In a new study published in the November edition of Sedimentary Geology, Joeckel outlines the findings of a multi-year project that mapped ancient soils of the Yellow Cat Member, one of five subdivisions of the Cedar Mountain Formation in central Utah’s San Rafael Desert.
The research on ancient soils showed that about 125 million years ago, Yellow Cat soils developed in sediments on ancient floodplains. The sediments were deposited on the floodplains and subjected to soil-forming processes over tens of thousands of years. Once formed, the soils were buried again by incremental layers of sediment and the process started again.

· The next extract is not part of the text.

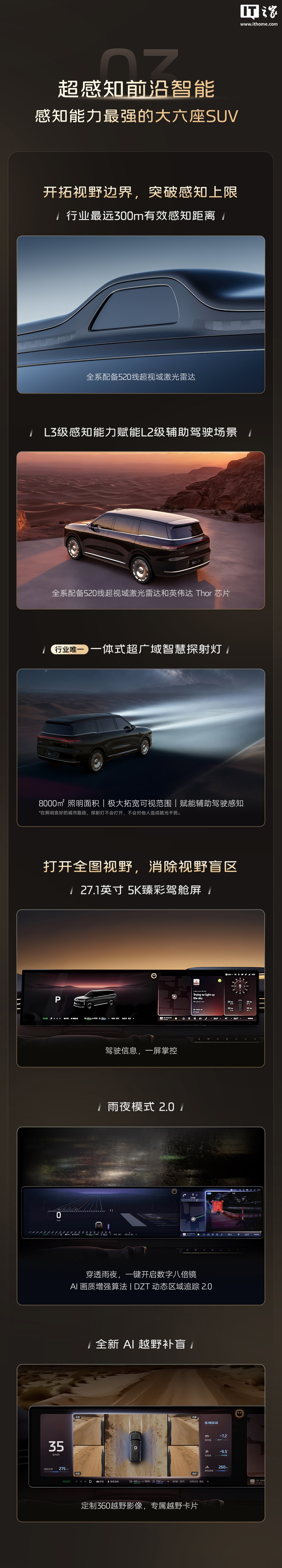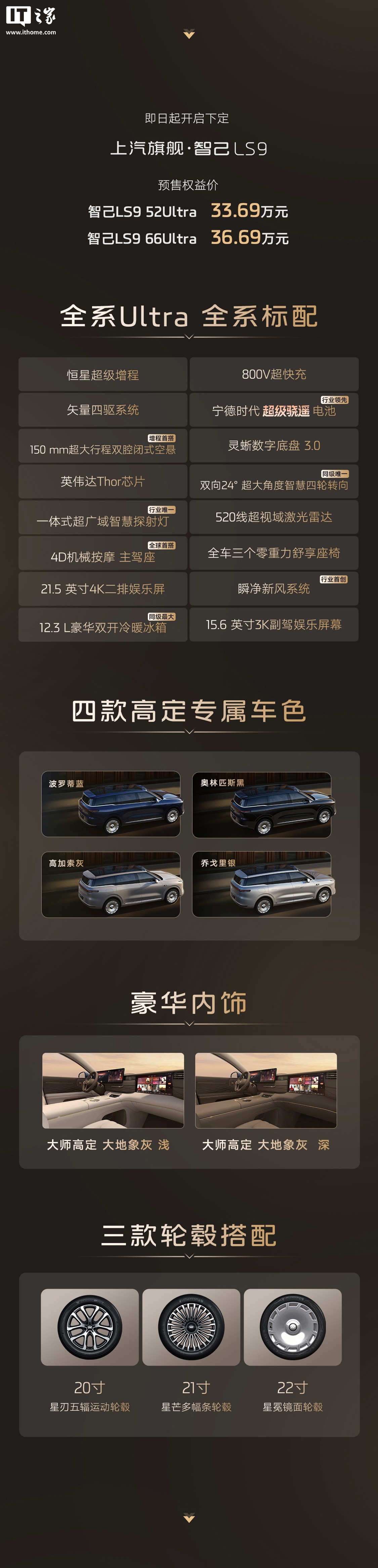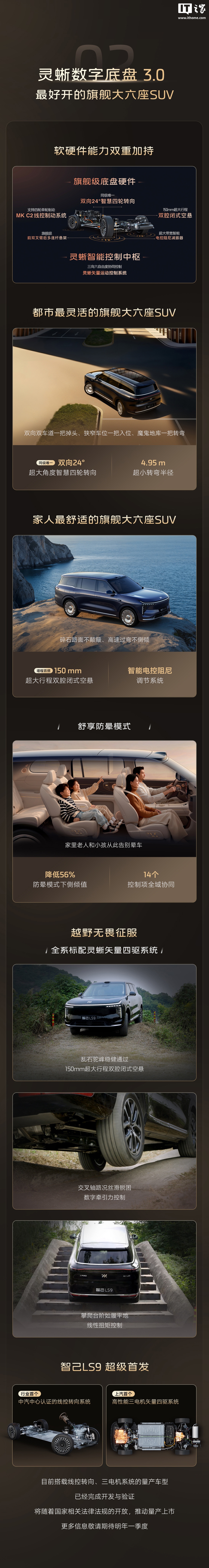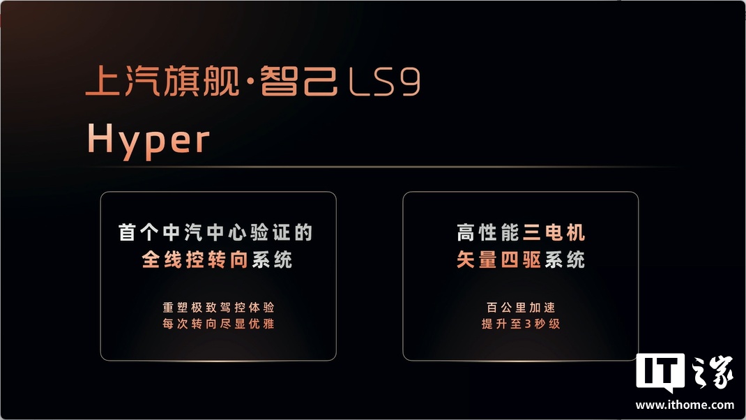 此外,智己 LS9 还将推出 Hyper 版车型,搭载首个中汽中心验证的全线控转向系统和高性能三电机矢量四驱系统,百公里加速提升至 3 秒级。

“We see evidence for at least seven major episodes of floodplain sediment deposition and soil development,” Joeckel said. “The ancient soils that formed are all but identical to the modern soils known as Vertisols, formed where seasonal rainfall occurs.”
The Yellow Cat soils had claylike characteristics where they would swell when wet and contract during dry periods. Cracks, some as deep at 1.5 meters, which later filled with other sediments, also were recorded.

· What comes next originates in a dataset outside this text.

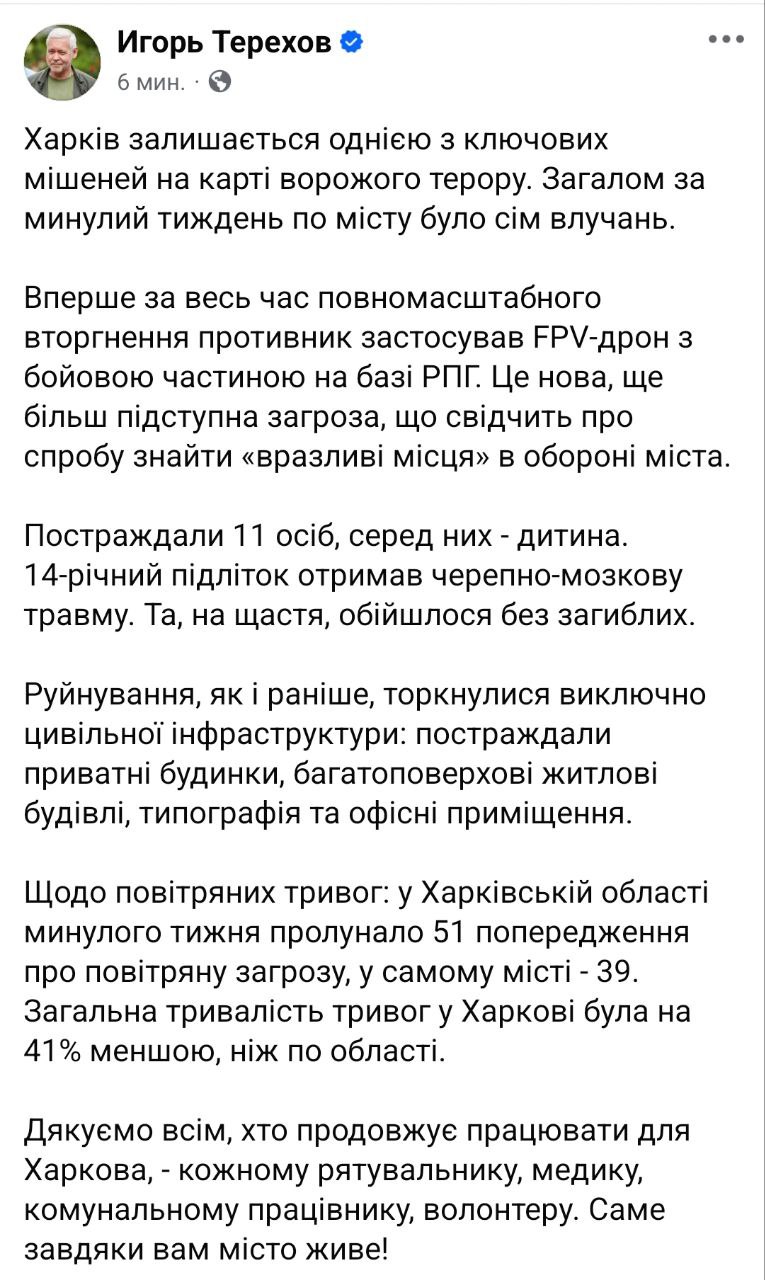 14:02 Щодо Харкова вперше застосували FPV-дрон з бойовою частиною від РПГ. Про це повідомив мер міста Ігор Терехов.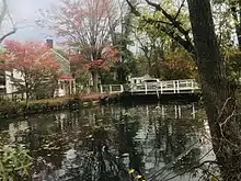 The construction of the Delaware and Raritan Canal in the 1830s, stretching 22 miles (35 km) to connect New York City and Philadelphia, led to significant growth in the township, with as much as 200,000 tons of goods shipped on barges using the canal by the 1860s. The rise of shipping commercial goods using railroads led to a substantial decline in canal traffic.[34] The area has been restored as the Delaware and Raritan Canal State Park[35]

“The ancient soils — or paleosols — suggest that rainfall was strongly seasonal, if not monsoonal, and that there were also some very dry periods,” Joeckel said.

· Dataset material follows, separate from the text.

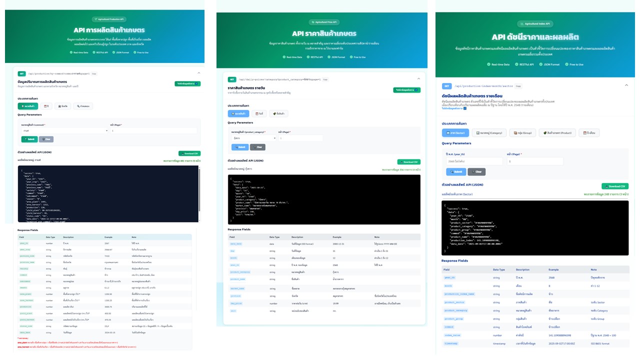 Agricultural Data Service API ที่เปิดให้บริการในเบื้องต้น ประกอบด้วย 1. API การผลิตสินค้าเกษตร แสดงผลข้อมูลการผลิตสินค้าเกษตรครบวงจร ได้แก่ พื้นที่เพาะปลูก พื้นที่เก็บเกี่ยว ผลผลิต ผลผลิตต่อไร่และครัวเรือนผู้ปลูก ในระดับประเทศ ภาค และจังหวัด 2. API ราคาสินค้าเกษตร แสดงผลข้อมูลราคาสินค้าเกษตรทั้งราคารับซื้อรายวัน ณ ตลาดสำคัญ ราคาที่เกษตรกรขายได้ ณ ไร่นา รายสัปดาห์/รายเดือน เฉลี่ยระดับประเทศ 3. API ดัชนีราคาและผลผลิต แสดงผลข้อมูลดัชนีราคาสินค้าเกษตรและดัชนีผลผลิตสินค้าเกษตร ซึ่งเป็นตัวชี้วัดสำคัญในการเปลี่ยนแปลงของราคาสินค้าและผลผลิตเกษตรเฉลี่ยรวมทั้งประเทศ ทั้งนี้ การให้บริการ API ดังกล่าว เป็นส่วนหนึ่งของการพัฒนา Data Service Platform ที่ สศก. ได้ดำเนินการมาอย่างต่อเนื่อง เพื่อให้ทุกภาคส่วนสามารถเข้าถึงและใช้ข้อมูลได้อย่างมีประสิทธิภาพสูงสุด

“We can learn a lot about ancient climate from the soil. We know this area was not forested, but we also know it wasn’t grasslands or prairie. It appeared to be open floodplains that periodically turned into shallow lakes.”
The study probed sediments that formed during the Barremian age of the Cretaceous period, between 129 million and 125 million years ago.
Though researchers have known for years fossils of dinosaur bones are sandwiched among the sedimentary layers, Joeckel and research partners Greg Ludvigson of the Kansas Geological Survey and State Paleontologist Jim Kirkland of the Utah Geological Survey also found features in the sediments that appear to be dinosaur tracks.
“It is no exaggeration that dinosaurs walked on these ancient soils,” Joeckel said.
Dinosaur bones and tracks can be found nearby. The remains of Utahraptor, a bipedal, predatory dinosaur like the “raptors” depicted in the 2015 movie “Jurassic World,” are found in the Yellow Cat Member.
The work is part of a long-term research program involving personnel from three state geological surveys and universities in the United States and Europe. Joeckel and colleagues have already published on the stable-isotope geochemistry of the Cedar Mountain Formation and its relationship to global change in an ancient “greenhouse” world.
The research team began the Yellow Cat Member study in 2008 as part of a larger effort to study ancient climates and other aspects recorded in the sediments of the Cedar Mountain Formation. By mapping, studying and testing samples from the formations, researchers aim to learn about the climate of the past. The work also will lead to an improved understanding of the mechanisms and consequences of future climate change on Earth.